Blog

New Google Chrome certificate warning

The X.509 certificates used to prove server identity in SSL are changing, and it looks like many site administrators may be caught out due to a confusing error report in the latest browsers. SHA-1 digital signatures in SSL certificates are being phased out, and should be entirely gone by 2016 – but plenty of existing certificates have an expiry date set long afterwards.

The latest version of the Chrome browser displays a minor warning symbol if the website’s certificate relies on a SHA-1 signature, and will last beyond the end of 2016. This is the first of a suite of updates of all browsers to deprecate SHA-1. Google described the warnings and how they will change over time in a blog post, but the short story is that the latest version, Chrome 39, warns about SHA-1 certificates expiring after the end of 2016.

Users are fickle about such warnings, and most sites will want to fix this before Chrome 39 is widely deployed (it was released 2 days ago and automatically updates), as it might discourage purchasers, or users might raise a support request, both of which would likely involve more cost than fixing the SSL configuration.

In most cases you just need to get the certificate reissued, which will usually be free of charge from your current certificate provider.

How to tell you need a new certificate?

All the testing tools I tried gave wrong answers (saying the certificate was fine), or incomprehensible (to normal people) answers, so I suggest you get your web server administrator to try ensure they have Chrome 39 or grab the Chrome beta version if it isn’t updating, and test the site carefully. Even recent tests using Chrome 38 won’t show the additional warnings.
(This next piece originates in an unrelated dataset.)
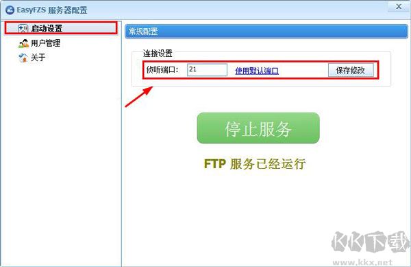 1、打開軟件,設(shè)置好偵聽端口,默認(rèn)為21,可以修改為其它

Here is an example warning from Chrome 39 beta showing what users will see if your certificate is wrong.

Chrome 39 warning says - the site is using outdated security settings that may prevent future versions of Chrome from being able to safely access it

 

Catching the various SSL sunset issues early can save a considerable amount of heartache later – and this heartache translates directly into effective downtime and real costs. Testing with beta browsers before they’re released can highlight upcoming problems early.